The paper on the table-- a cutting from a copy of The Daily Prophet, a newspaper he saw Padma get a copy of each morning, kept catching his eye. Hagrid asked Draco about his parents. Padma had been poking at the table with her wand, picking up a loose woodchip every few minutes and bringing it up to her eye, and Lisa seemed to be lost in thought, her ears twitching as she stared blankly at the floor.

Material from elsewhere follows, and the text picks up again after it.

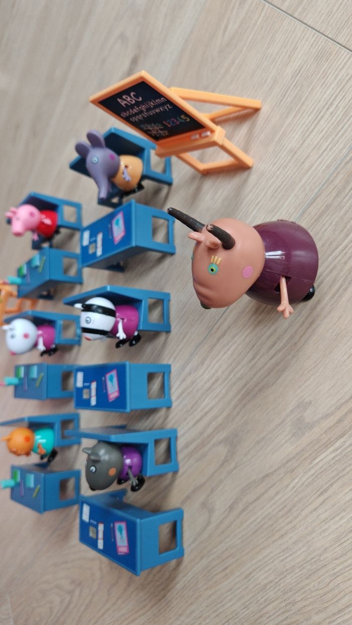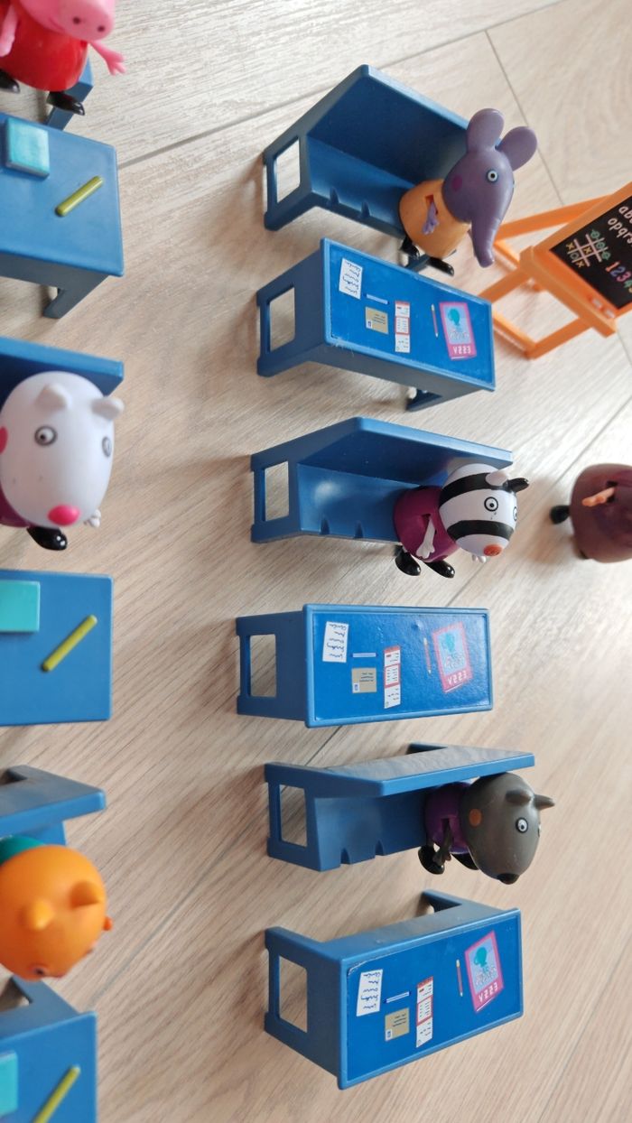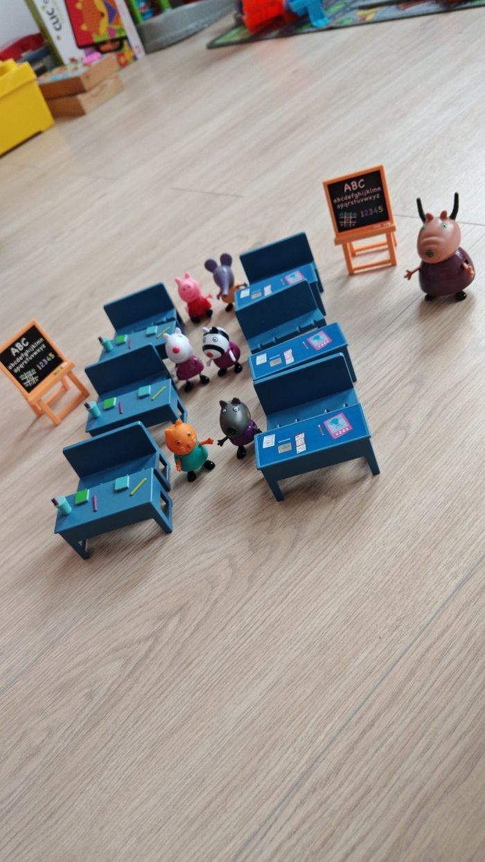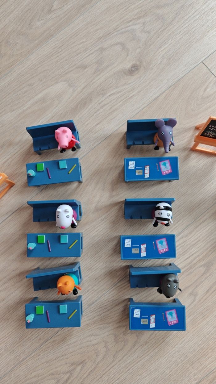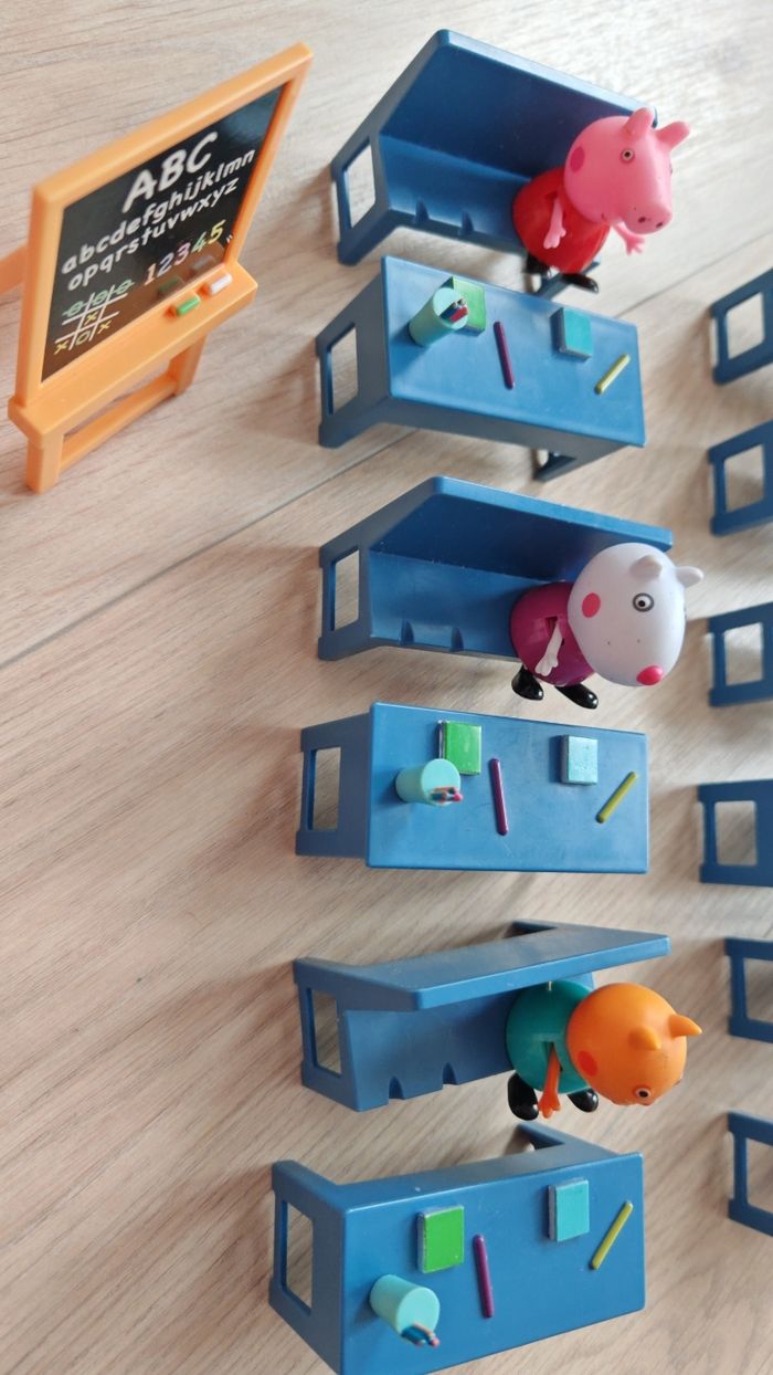 Salle de classe X2 Peppa pig très bon état juste le pied d'un banc et abîmé voir l'avant dernière photo, envoie rapide Le jour même ou le lendemain

Harry picked up the paper, and was shocked as he read.
GRINGOTTS BREAK-IN LATEST
Investigations continue into the break-in at Gringotts on 31 July, widely believed to be the work of Dark wizards or witches unknown.
Gringotts goblins today insisted that nothing had been taken. The vault that was searched had in fact been emptied the same day.
"But we're not telling you what was in there, so keep your noses out if you know what's good for you," said a Gringotts spokesgoblin this afternoon.
Harry remembered Ron telling him on the train that someone had tried to rob Gringotts, but he hadn't mentioned the date.
"Hagrid!" Harry said, as Draco peeked over his shoulder to look at the newspaper. "The Gringotts break-in happened on my birthday! It might've been happening while we were there!" He stood up.
"Oh, your birthday's July thirty-first?" Padma asked.
"That's not important. Hagrid," Harry pushed off her question, and frowned at Hagrid. He knew that Hagrid knew something now, because he couldn't meet Harry in the eyes; Instead, he grunted and ate another rock cake.
"Nevermind, it may not have been while we were there. Someone tried to rob that vault that you emptied out while we were getting my school supplies, right? You know, don't you?" Harry asked.
"Yeh lot better get up ter the castle for dinner," Hagrid avoided, pushing them all out the hut. He slammed the door behind them.
"Harry," Padma finally said after a moment of silence. "Why didn't you tell me your birthday had already passed? I've been trying to think of the perfect present to get you, and now it's going to not even matter until next year! What if you don't like the same things next year?"
Harry shrugs. "I didn't think it was important. Since it's not during the school term, and all. I don't expect presents anyway, so you're fine."
Padma dragged on how she'd get him the best gift she could, before Draco declared he definitely could get something better, while they slowly walked back to the castle for dinner. Harry thought that none of the lessons he'd had so far had given him as much to think about as tea with Hagrid. Did Hagrid collect that package just in time? Where was it now?
Harry was almost itching just to get his hands on it. He really wanted to know now.